Les Virtuoses par Gérard Rocher La Fête de l'Art
Rien ne va plus dans le village de Grimley dans le Yorkshire. En cette période de restructurations économiques des années 1990, le gouvernement de Margaret Thatcher a décidé de fermer les mines de charbon, laissant parmi les 250 000 chômeurs un grand nombre d'hommes de Grimley. Outre la mine, la gloire locale est l'orchestre d'harmonie dirigé avec ferveur et enthousiasme par Danny, un ancien mineur. Son rêve est de participer aux éliminatoires et à la grande finale du "Championnat National de Fanfare" au Royal Albert Hall de Londres. La grève fait rage, les grévistes sont divisés et cet alléchant projet musical est sur le point d'échouer. Gloria, petite fille d'un ancien mineur du village, débarque à Grimley avec un bugle dont elle joue à merveille mais avec une réputation ternie puisqu'elle fait partie de la délégation chargée de décider de la fermeture de la mine. Seule fille de l'orchestre, elle arrive à redonner un peu d'espoir à ces musiciens blessés et obnubilés par la peur du chômage. Il est donc décidé après discussions de disputer ce concours. En effet, si la mine disparaît, il restera au moins sa fanfare...

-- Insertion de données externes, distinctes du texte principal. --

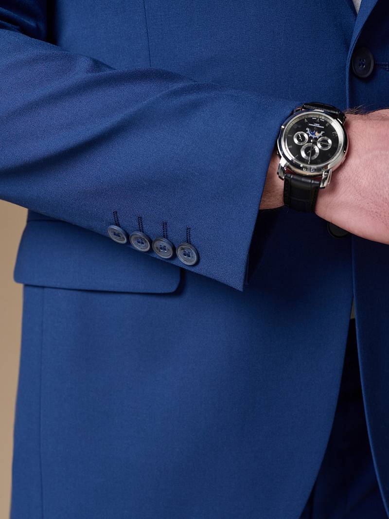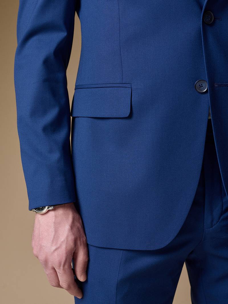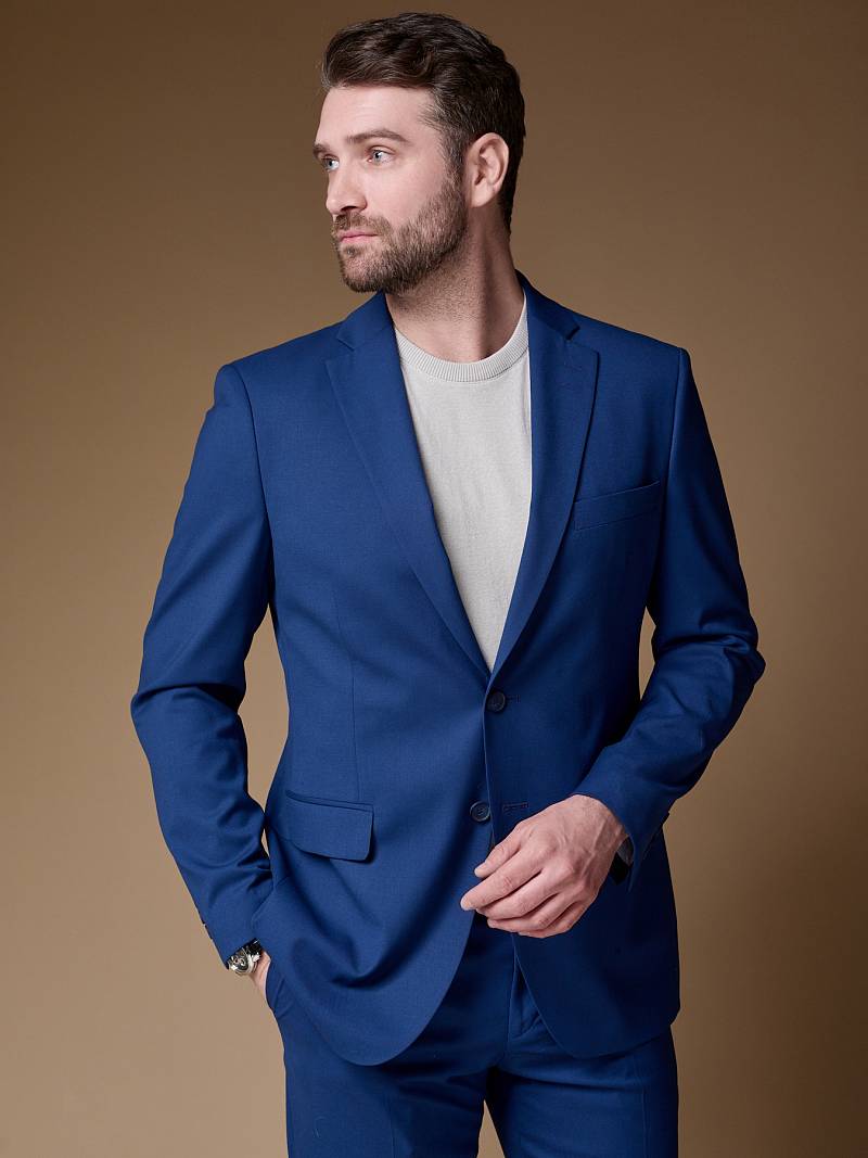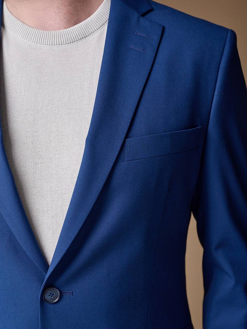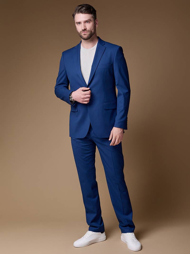 Классический костюм двойка Slim fit (ПРИЛЕГАЮЩИЙ СИЛУЭТ), рекомендуется брать на размер больше.Пиджак однобортный на две пуговицы, с двумя боковыми карманами с клапанами и нагрудной листочкой. Рукава втачные, двухшовные со шлицей и четырьмя декоративными пуговицами. По спинке расположены две шлицы. Пиджак на подкладке, с двумя внутренними карманами. Брюки без защипов, с боковыми наклонными карманами и двумя задними карманами «в рамку». Передние половинки на подкладке. Верхний срез брюк обработан поясом с корсажной лентой и шлевками под ремень. Застежка обработана на тесьму-молнию, с петлей-пуговицей на поясе и усилен металлическим крючком.

Ce film sorti en 1996 en Angleterre ne fut pas accueilli avec joie par les conservateurs car les élections générales se déroulaient en 1997 et il faut dire que la politique "ultra-libérale" de son premier ministre de l'époque est sérieusement mise à mal dans cette oeuvre. C'est pourtant l'impitoyable situation de ces villages uniquement orientés vers leur mine de charbon que nous dépeint Mark Herman. Il décrit avec parfois un peu d'outrance un peuple sans avenir, presque livré à lui-même pour lequel la fanfare dirigée par Danny, têtu et volontaire, est le seul élément fédérateur dans cette grisaille ambiante. Les couples se déchirent, les copains de la mine également. Une lutte acharnée s'engage entre les partisans de la manière forte pour le maintien de l'outil de travail et les "jaunes" qui acceptent une prime de départ offerte par la direction. Ce peuple est déphasé. D'autant plus que la mine est rentable, ils ne peuvent se contraindre à l'idée que le charbon est remplacé par d'autres énergies,tel que le nucléaire. Certains, souffrant de la "maladie du charbon", continuent à porter en eux un amour sincère pour leur outil de travail et lorsque la mine meurt, le mineur et le village agonisent. La haine, le suicuide et le divorce deviennent le menu quotidien de ces petites gens, certes simples, mais courageux et fiers.
Dans ce film, certaines scènes sont poignantes. Voir un mineur se transformer en clown minable afin de récolter quelques subsides pour survivre, le voir insulter Dieu dans l'église du village qui dans sa grande mansuétude "oublie" les plus pauvres, voir ce clown pendu en haut de "sa" mine, tel un pantin disloqué, tout cela ne peut que bouleverser et faire réfléchir sur l'avenir de notre société. Gloria sera le symbole du sursaut d'orgueil de cette mine en apportant, pour un instant, à ces familles en péril du bonheur et une dignité grâce à la musique. Ce film courageux et réaliste manque parfois de naturel, il n'en demeure pas moins que, outre les séquences décrites ci-dessus, il possède d'autres grands moments émouvants grâce à cette musique omniprésente. L'interprétation du concerto d'Aranjuez de Rodrigo ou l'ouverture de Guillaume Tell de Rossini, en pélude au glorieux final de l'orchestre de Grimley, est somptueuse et nous offre un grand moment de cinéma . L'interprétation de Pete Postlethwaite ( Danny) le chef de fanfare décidé et nostalgique est splendide comme le sont également celles de Stephen Tompkinson ( Phil) pauvre clown désespéré, de Ewan McGregor' ( Andy) lequel dans cette grisaille amène un peu de ciel bleu, amoureux de la ravissante et sensible Gloria interprétée par Tara Fitzgerald.
Il est vrai que la réalité de notre monde est souvent difficile à vivre et à regarder mais sous le visage de la musique et de la solidarité, malgré les dures épreuves, Mark Herman réussit dans son entreprise de film militant et parvient à nous faire passer son message de brillante manière.
Ce film a obtenu: le César du Meilleur film étranger en 1998, le Grand Prix du Festival du Film de Paris en 1997 et trois nominations aux BAFTA de 1997: meilleur film britanique, meilleur scénario original et meilleure musique de film.